What you will do: In the entries below, repeat only the lines between those holding "近日,上海雪榕生物科技股份有" and "INSPIRE CHIC Women’s", inclusive. Leave pictures out.

Given data:
=== Section Start ===
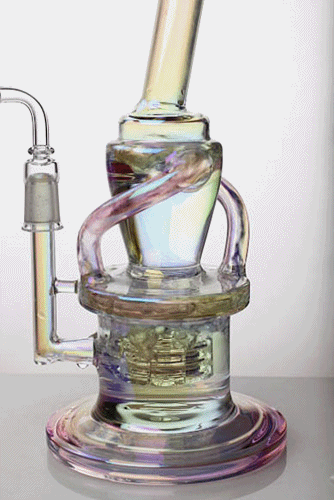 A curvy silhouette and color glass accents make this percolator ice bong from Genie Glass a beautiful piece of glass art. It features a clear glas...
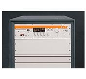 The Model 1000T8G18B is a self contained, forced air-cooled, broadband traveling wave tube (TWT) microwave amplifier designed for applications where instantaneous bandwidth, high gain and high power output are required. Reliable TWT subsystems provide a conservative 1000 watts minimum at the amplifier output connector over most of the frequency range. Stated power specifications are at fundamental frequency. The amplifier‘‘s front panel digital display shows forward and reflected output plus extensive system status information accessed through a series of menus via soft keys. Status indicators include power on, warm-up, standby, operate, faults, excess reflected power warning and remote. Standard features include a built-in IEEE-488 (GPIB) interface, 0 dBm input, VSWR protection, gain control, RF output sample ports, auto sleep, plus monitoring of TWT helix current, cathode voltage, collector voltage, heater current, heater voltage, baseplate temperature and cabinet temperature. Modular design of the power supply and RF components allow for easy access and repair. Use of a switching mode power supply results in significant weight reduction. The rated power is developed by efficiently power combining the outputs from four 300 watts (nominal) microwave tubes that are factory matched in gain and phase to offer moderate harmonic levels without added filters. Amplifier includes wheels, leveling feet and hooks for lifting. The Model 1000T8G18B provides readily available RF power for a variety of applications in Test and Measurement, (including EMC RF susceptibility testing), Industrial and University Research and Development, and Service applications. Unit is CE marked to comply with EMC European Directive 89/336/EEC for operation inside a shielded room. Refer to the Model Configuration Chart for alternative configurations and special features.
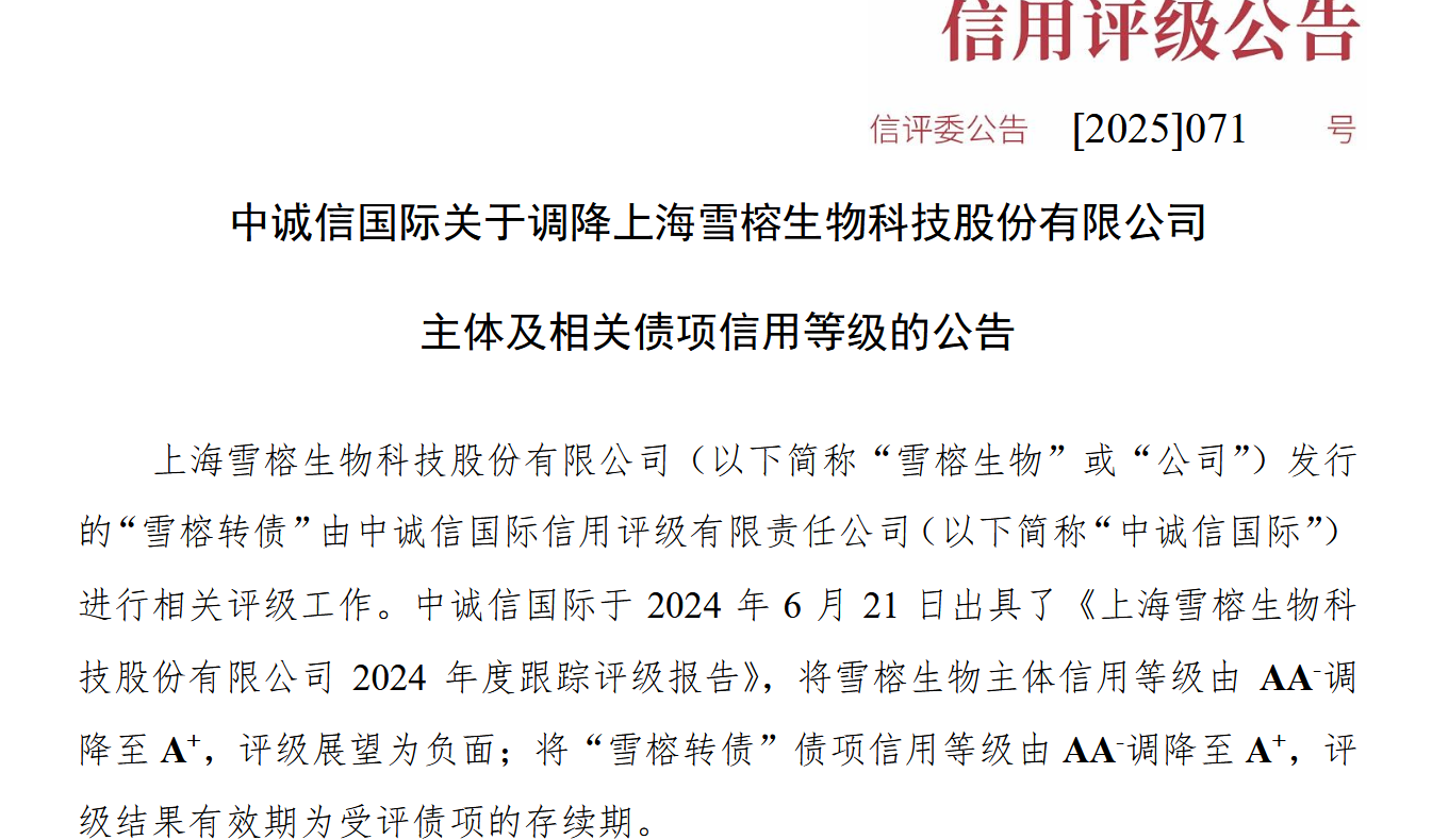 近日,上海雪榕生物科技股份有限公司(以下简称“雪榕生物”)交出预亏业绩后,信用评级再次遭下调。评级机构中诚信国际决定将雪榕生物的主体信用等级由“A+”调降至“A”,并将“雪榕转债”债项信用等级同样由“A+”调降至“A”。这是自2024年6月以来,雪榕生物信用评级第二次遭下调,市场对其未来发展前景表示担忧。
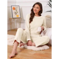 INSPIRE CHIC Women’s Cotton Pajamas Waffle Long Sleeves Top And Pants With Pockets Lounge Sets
=== Section End ===
=== Section Start ===
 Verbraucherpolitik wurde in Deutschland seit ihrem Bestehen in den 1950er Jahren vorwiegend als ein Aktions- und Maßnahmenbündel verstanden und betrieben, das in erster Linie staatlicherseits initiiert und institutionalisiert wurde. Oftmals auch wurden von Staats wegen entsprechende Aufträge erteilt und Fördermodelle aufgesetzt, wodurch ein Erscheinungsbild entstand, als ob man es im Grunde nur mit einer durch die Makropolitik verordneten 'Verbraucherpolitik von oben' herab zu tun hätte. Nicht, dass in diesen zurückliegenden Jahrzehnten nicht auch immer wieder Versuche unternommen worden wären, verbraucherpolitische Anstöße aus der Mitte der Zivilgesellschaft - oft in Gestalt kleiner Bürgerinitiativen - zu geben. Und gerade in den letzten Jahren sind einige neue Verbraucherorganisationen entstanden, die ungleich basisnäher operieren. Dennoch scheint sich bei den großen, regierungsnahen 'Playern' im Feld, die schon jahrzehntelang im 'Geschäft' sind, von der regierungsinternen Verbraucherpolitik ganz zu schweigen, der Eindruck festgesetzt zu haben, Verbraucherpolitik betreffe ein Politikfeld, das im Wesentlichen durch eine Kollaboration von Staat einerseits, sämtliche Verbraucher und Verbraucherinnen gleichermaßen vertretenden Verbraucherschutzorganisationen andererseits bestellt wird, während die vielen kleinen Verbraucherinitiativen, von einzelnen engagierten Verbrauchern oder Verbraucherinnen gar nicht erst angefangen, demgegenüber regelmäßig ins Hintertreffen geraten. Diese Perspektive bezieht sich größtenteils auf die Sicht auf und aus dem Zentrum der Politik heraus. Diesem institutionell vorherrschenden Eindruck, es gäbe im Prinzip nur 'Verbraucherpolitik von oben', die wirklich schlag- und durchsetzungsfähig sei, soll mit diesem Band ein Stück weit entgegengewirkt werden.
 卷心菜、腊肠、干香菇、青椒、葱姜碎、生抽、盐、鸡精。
=== Section End ===
Solution to this problem:
 近日,上海雪榕生物科技股份有限公司(以下简称“雪榕生物”)交出预亏业绩后,信用评级再次遭下调。评级机构中诚信国际决定将雪榕生物的主体信用等级由“A+”调降至“A”,并将“雪榕转债”债项信用等级同样由“A+”调降至“A”。这是自2024年6月以来,雪榕生物信用评级第二次遭下调,市场对其未来发展前景表示担忧。
 INSPIRE CHIC Women’s Cotton Pajamas Waffle Long Sleeves Top And Pants With Pockets Lounge Sets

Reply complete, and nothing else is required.